Blair shook his head, sorry he couldn't agree with his friend. "This wasn't an hallucination, Jim. What you saw was a direct representation of a future event. Not only did you see it, you were led to a place where you could stop it. Everyone has psychic moments at one time or another. A man doesn't take a certain flight, because something inside him screams that he shouldn't, then the plane crashes. A woman pulls into a shopping center, then refuses to get out, and leaves. Later, she finds out another woman was kidnapped and raped from that same parking lot. A soldier trudges along, then all of a sudden stops and finds a tripwire against his leg. He hadn't seen it, hadn't felt it...but he stopped anyway. These things occur all the time."

"So, what are you saying? That maybe this is a one-time deal?" Jim let himself relax a little.

"No. That's not what I'm saying," Blair said gently. "I'm saying that this is a sense that humans have, a sixth, or perhaps seventh sense. It's mostly undeveloped, and only shows itself in extreme circumstances. But it exists, and if the five main senses in you are enhanced, then it only stands to reason the other senses are, as well."
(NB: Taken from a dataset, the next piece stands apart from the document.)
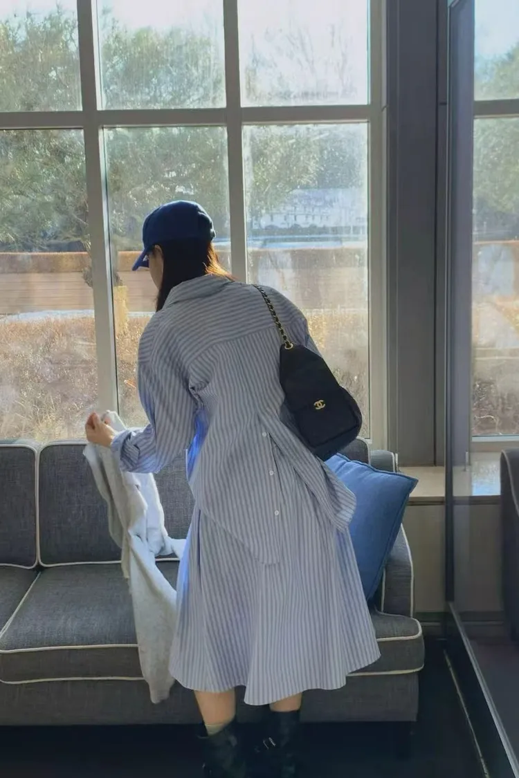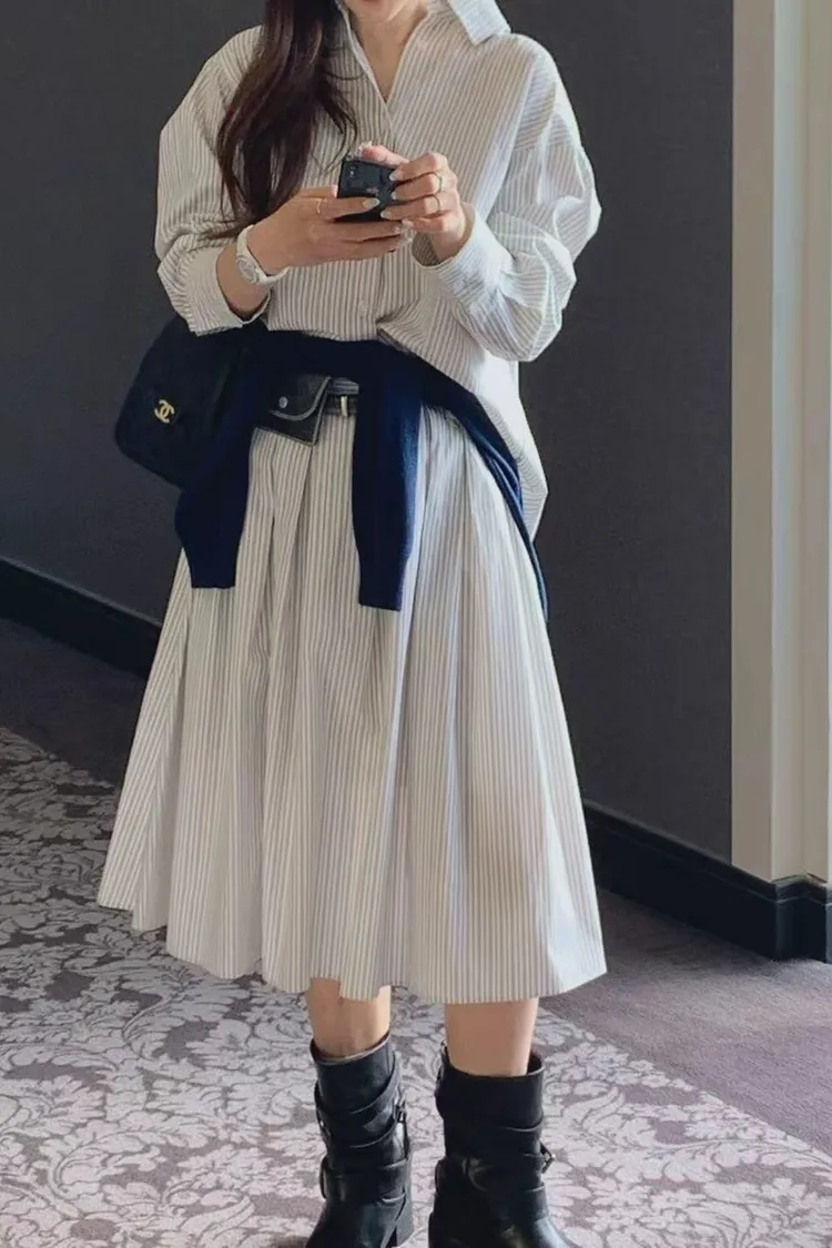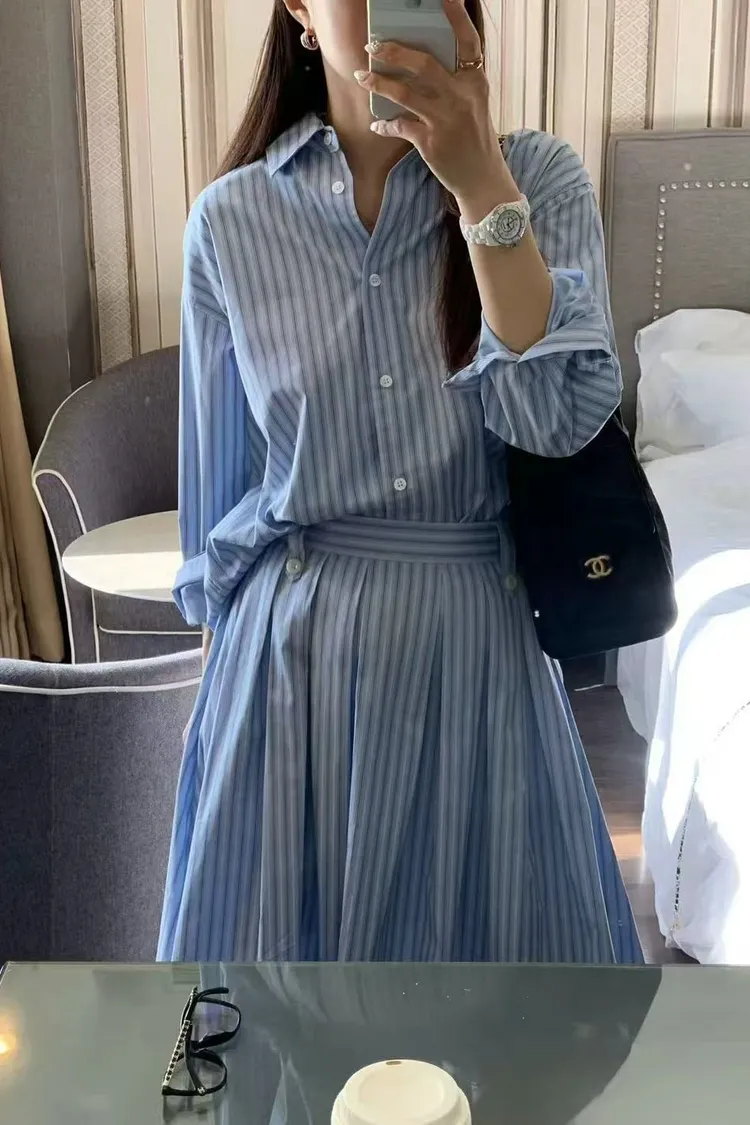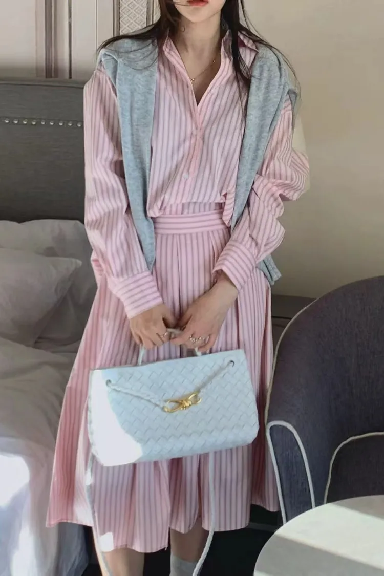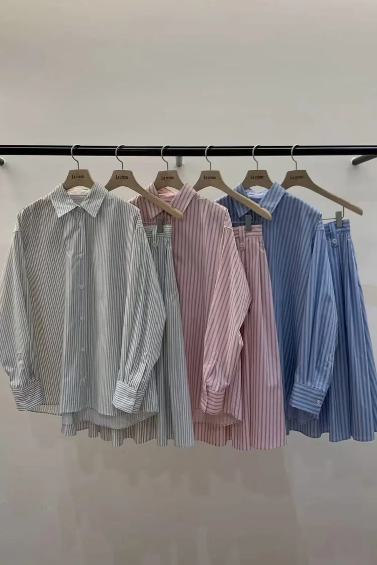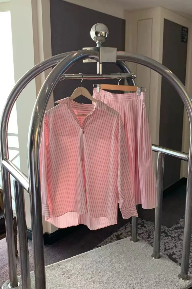 正韓女裝 撞色直條紋寬鬆後鬆緊打褶套裝

"Why haven't we seen evidence of it before?"

Blair looked away. "We have. With Alex Barnes." When he turned back, he saw Jim had paled to an almost bloodless state. "Damn it. Where's the call button?" he asked, standing to lean over the bed in his search.

"Don't," Jim said, and Blair stilled. Slowly, Jim's color came back, and Blair resumed his chair. " is Simon explaining this?" the detective asked, wanting to change the subject.
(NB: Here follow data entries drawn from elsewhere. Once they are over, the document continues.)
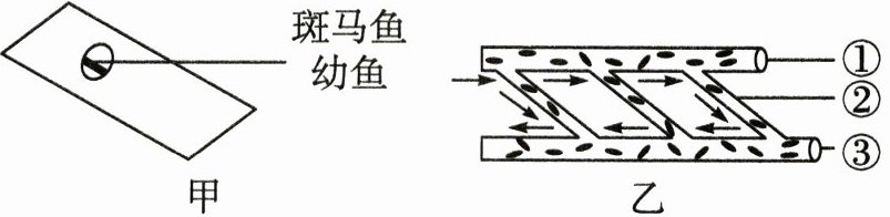 17. 斑马鱼幼鱼早期体小且透明。某小组利用 2 mm 斑马鱼幼鱼制成临时装片(如图甲),用显微镜观察其全身血管和血流情况,并绘制血液流动示意图(如图乙),①②③代表血管,箭头代表血流方向。下列说法正确的是(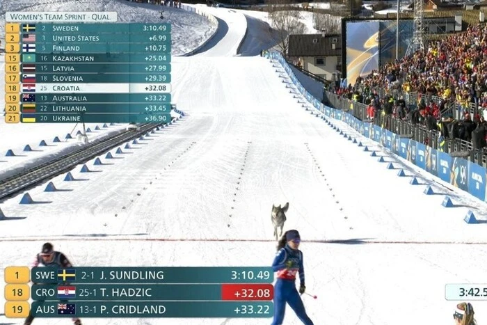 Собака вибіг на трасу під час кваліфікації командного жіночого спринту з лижних перегонів на Олімпійських іграх 2026 року. Про це повідомляє «Главком».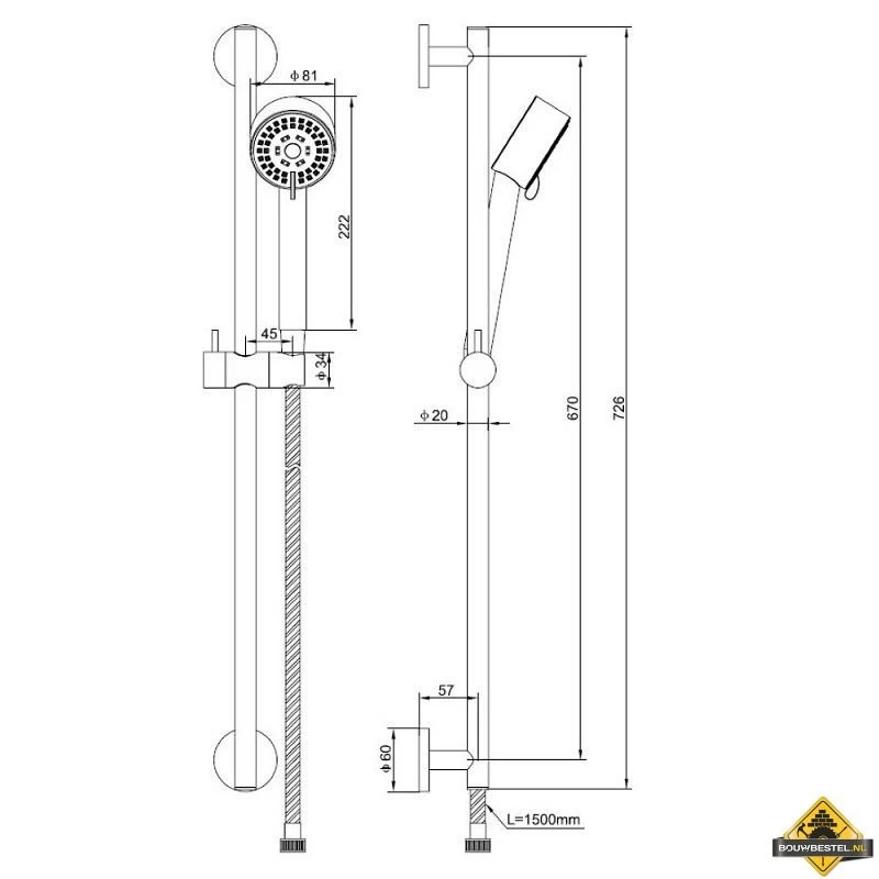 Lengte doucheslang: 1500 mm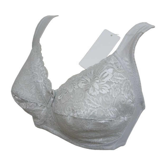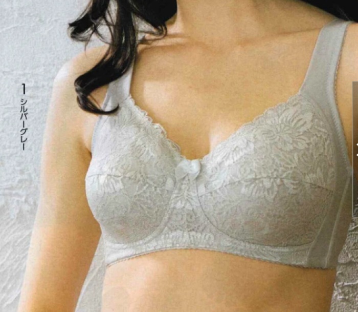 A85・シルバーグレー 綿混 フルカップノンワイヤーブラジャー カップ裏 綿100% 幅広ストラップ 脇高設計 新品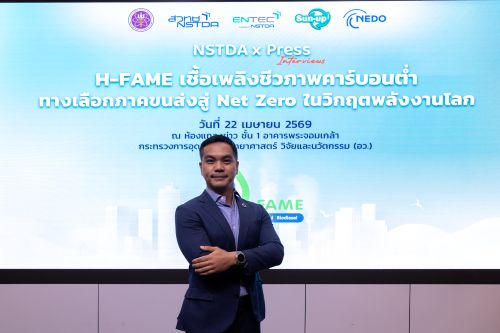 ซึ่งผู้สนใจสามารถเข้านิทรรศการผลงาน H-FAME ได้ที่งานประชุมวิชาการประจำปีสวทช. หรือ NAC2026 ได้ในวันที่ 24, 27-28 เม.ย. 69 เวลา 9:00 - 16:30 น. ณ อาคารศูนย์ประชุมอุทยานวิทยาศาสตร์ประเทศไทย จ.ปทุมธานี และผู้ประกอบการที่สนใจร่วมทดสอบใช้งานจริง หรือสนใจต่อยอดขยายปริมาณการผลิต H-FAME ในโครงการต่อเนื่องเพื่อขับเคลื่อนภาคขนส่งไทยสู่สังคมคาร์บอนตํ่า สามารถติดต่อได้ที่ ดร.พีรวัฒน์ สายสิริรัตน์ หัวหน้าโครงการและหัวหน้าทีมวิจัยพลังงานทดแทนและประสิทธิภาพพลังงาน กลุ่มวิจัยพลังงานคาร์บอนต่ำ ENTEC สวทช. E-mail: peerawat.sai@entec.or.th โทร. 02 564 6500 ต่อ 4747

Blair's eyes danced merrily, also willing to forget Alex Barnes for a while. Besides, this conversation wasn't going to be tucked away forever; just set aside for a long comfortable evening in the loft, a cold beer in hand...or maybe something with a little more alcohol content.... "He's getting so good at this, Jim. He suggested that you'd become suspicious of Aaron Rorie, but with the outbreak occurring--"

"Rorie's the one who did this?" Rorie was a recent addition to the janitorial staff. He'd made a "name" for himself by ticking off the captains of Major Crime, Homicide, and Vice, all within the same week.

"Yeah. You're the one who told us that."

"I told you?"

Blair nodded. "When Joel told you that it was okay, that he knew which wire, you asked why Aaron Rorie would do such a thing. Then your eyes rolled to the back of your head, and you went into convulsions. Scared the crap out of all of us. Simon and I were trying to hold you steady, and the Bomb Squad was trying to get to the detonator.... Ten years of my life flew by, man. The next time you get a fever, I'm taking you straight to the emergency room. Bat those baby blues all you want to, get that little catch in your voice.... Nothing's going to work next time."

"I have never batted my eyes," Jim protested.

"Yeah, right," Blair scoffed. "You were probably doing it in your crib, Jim."

"You're full of it, Sandburg."

"Not half as full as you are, man." He patted his arm, and stood. "Let me get out of here before the nurse comes and kicks me out."

"Speaking of getting kicked out...?" Jim asked suggestively.

"They're gonna keep you a couple more days. That fever nearly burned you dry."

"Can't you tell them you'll make sure I get enough fluids?"

Blair grinned. "You're batting your eyes, man."

Jim started to deny it, then shrugged. "Is it working?"

His partner laughed. "I'll think about it. Get some sleep, okay?" he added, his smile fading. "You really scared me this time."

Jim nodded. "I really scared myself."

Blair knew he wasn't talking about the physical danger he'd been in. "Don't worry about it, Jim. We'll handle it. It's what we do, remember?"

"That's something I'll never forget, Chief."

Blair walked to the door. "Go to sleep...and, Jim?"

"Yeah, Chief?"

"Sweet dreams."

Jim nodded, and cautiously closed his eyes. No body bags appeared, no humming sickening odor of blood. Just the comforting sound of his Guide's heartbeat, and the equally soothing scent of his shampoo. With a smile, he cracked an eye open. "It's okay, partner. Go home."

Blair nodded from the position he'd taken in the doorway, then walked away, confident his Sentinel was healing.

Jim listened to the retreating steps for a moment before he closed his eyes, and slept...dreamlessly.